Retype the lines from the one containing "目前,维信诺无控股股东、无实" through the last line of the entries below, exactly and in full, omitting every image.
_ _ _ _ _
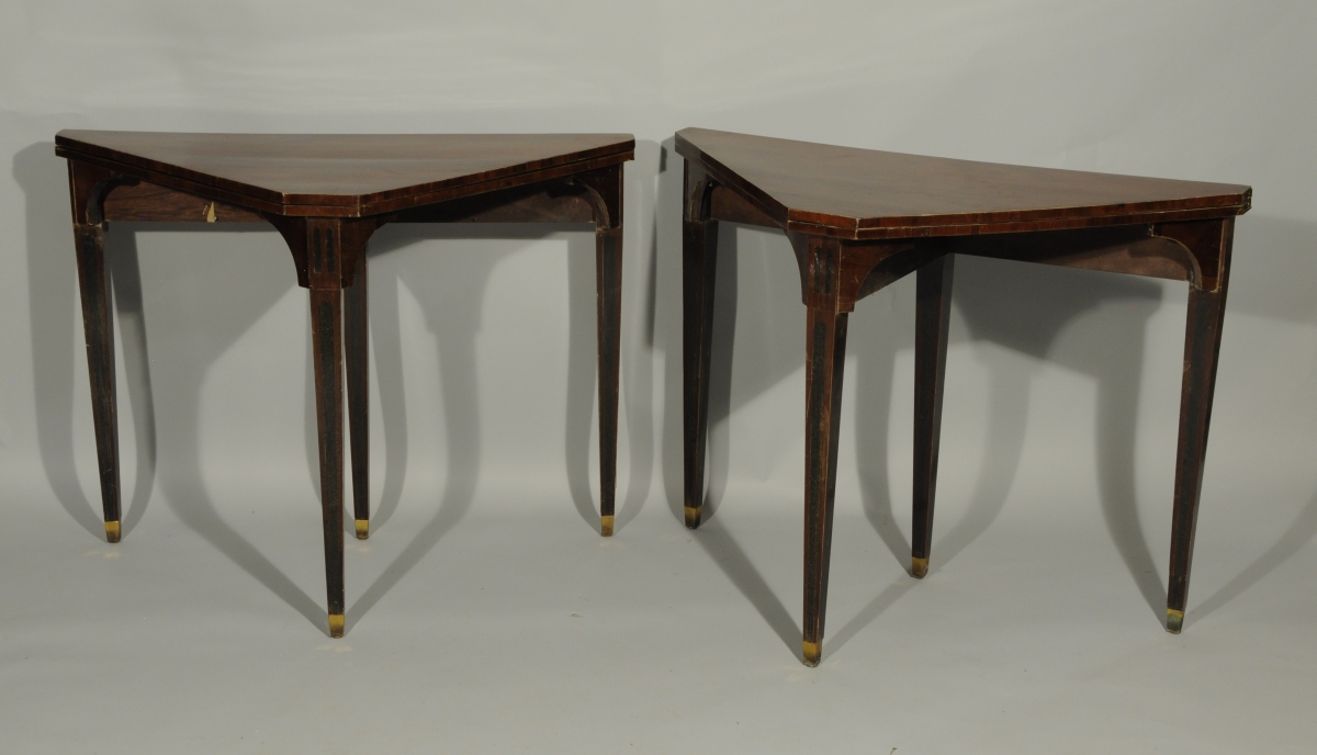 Paire de TABLES à JEU repliables en acajou et incrustations d'ébène. Plateau découvrant un tissu vert à bordure de grecques dorées. Coins coupés. Quatre pieds gaines, dont un mobile, à cannelures simulées. Sabots en laiton.
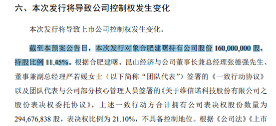 目前,维信诺无控股股东、无实际控制人;若本次发行完成,公司控股股东将变更为合肥建曙,公司实际控制人将变更为合肥市蜀山区人民政府。该事项尚需取得相关部门批准。公司股票自11月10日(星期一)开市起复牌。
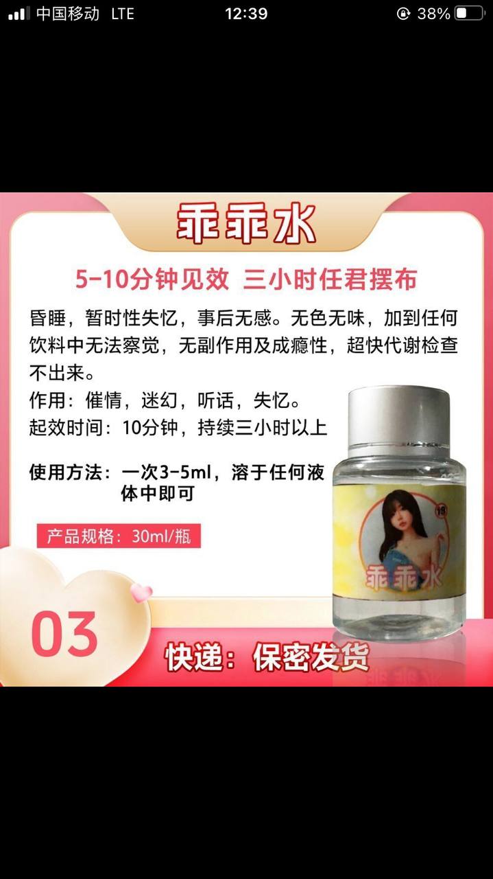 产品介绍:《乖乖水》短时间内使人失去意识,有效增加性欲、助情,激发原始本能,让她不能自控!5分钟见效,效果长达3-4小时,让她乖乖听话,任由你摆布。15-30分钟起效做你所想,答你所问!本产品持续时间长,不受任何外界因素干扰,长期服用,无毒、无副作用、无瘾性。。适用于任何场合。泡妞把妹,你值得拥有!
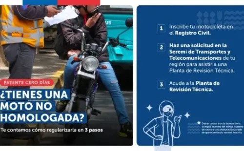 Mientras, en el caso de las motos “que circulen por calles y caminos del país tendrán el plazo de doce meses para obtener el certificado de revisión técnica respectivo; inscribirse en el Registro de Vehículos Motorizados del Servicio de Registro Civil e Identificación, y obtener su placa patente única”.
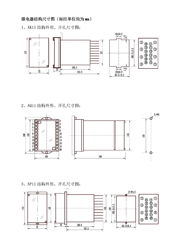 • Relay structure size chart
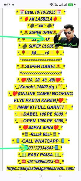 ڈیلی لسبیلا گیم کھیلنے کے لیے رابطہ کریں انام کی فل گارنٹی گیم میسج یا واٹس ایپ کریں
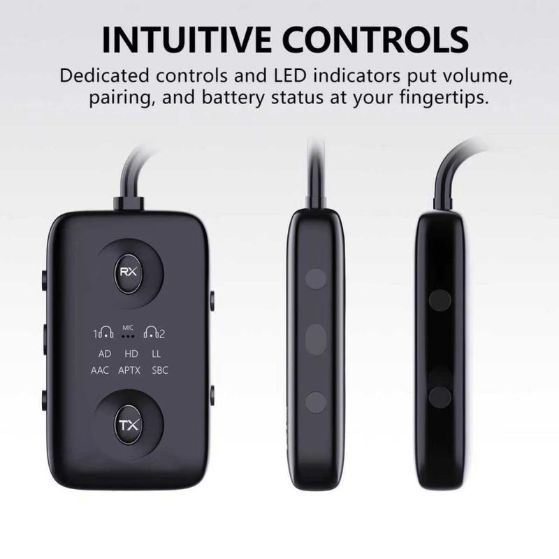 - Dual-mode Bluetooth 5.4 adapter functioning as both a transmitter (TX) and receiver (RX)
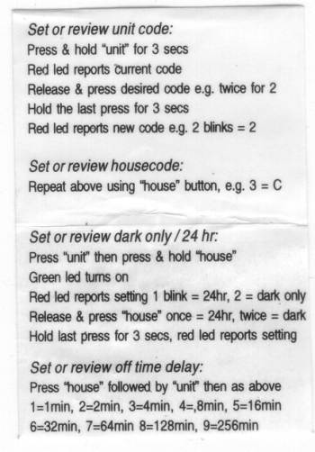 In summary, the MS13E is an excellent little device which does its job well, with some minor irritations. Chief amongst these is the inability to disable the light sensor, no option for not sending an OFF code after the timeout period, and no provision for corner mounting. House and unit code assignment and feature selection is achieved using the minimum number of buttons possible. Whilst fiddly this now seems to be the de facto standard.
_ _ _ _ _
## [Written answer]
 目前,维信诺无控股股东、无实际控制人;若本次发行完成,公司控股股东将变更为合肥建曙,公司实际控制人将变更为合肥市蜀山区人民政府。该事项尚需取得相关部门批准。公司股票自11月10日(星期一)开市起复牌。
 产品介绍:《乖乖水》短时间内使人失去意识,有效增加性欲、助情,激发原始本能,让她不能自控!5分钟见效,效果长达3-4小时,让她乖乖听话,任由你摆布。15-30分钟起效做你所想,答你所问!本产品持续时间长,不受任何外界因素干扰,长期服用,无毒、无副作用、无瘾性。。适用于任何场合。泡妞把妹,你值得拥有!
 Mientras, en el caso de las motos “que circulen por calles y caminos del país tendrán el plazo de doce meses para obtener el certificado de revisión técnica respectivo; inscribirse en el Registro de Vehículos Motorizados del Servicio de Registro Civil e Identificación, y obtener su placa patente única”.
 • Relay structure size chart
 ڈیلی لسبیلا گیم کھیلنے کے لیے رابطہ کریں انام کی فل گارنٹی گیم میسج یا واٹس ایپ کریں
 - Dual-mode Bluetooth 5.4 adapter functioning as both a transmitter (TX) and receiver (RX)
 In summary, the MS13E is an excellent little device which does its job well, with some minor irritations. Chief amongst these is the inability to disable the light sensor, no option for not sending an OFF code after the timeout period, and no provision for corner mounting. House and unit code assignment and feature selection is achieved using the minimum number of buttons possible. Whilst fiddly this now seems to be the de facto standard.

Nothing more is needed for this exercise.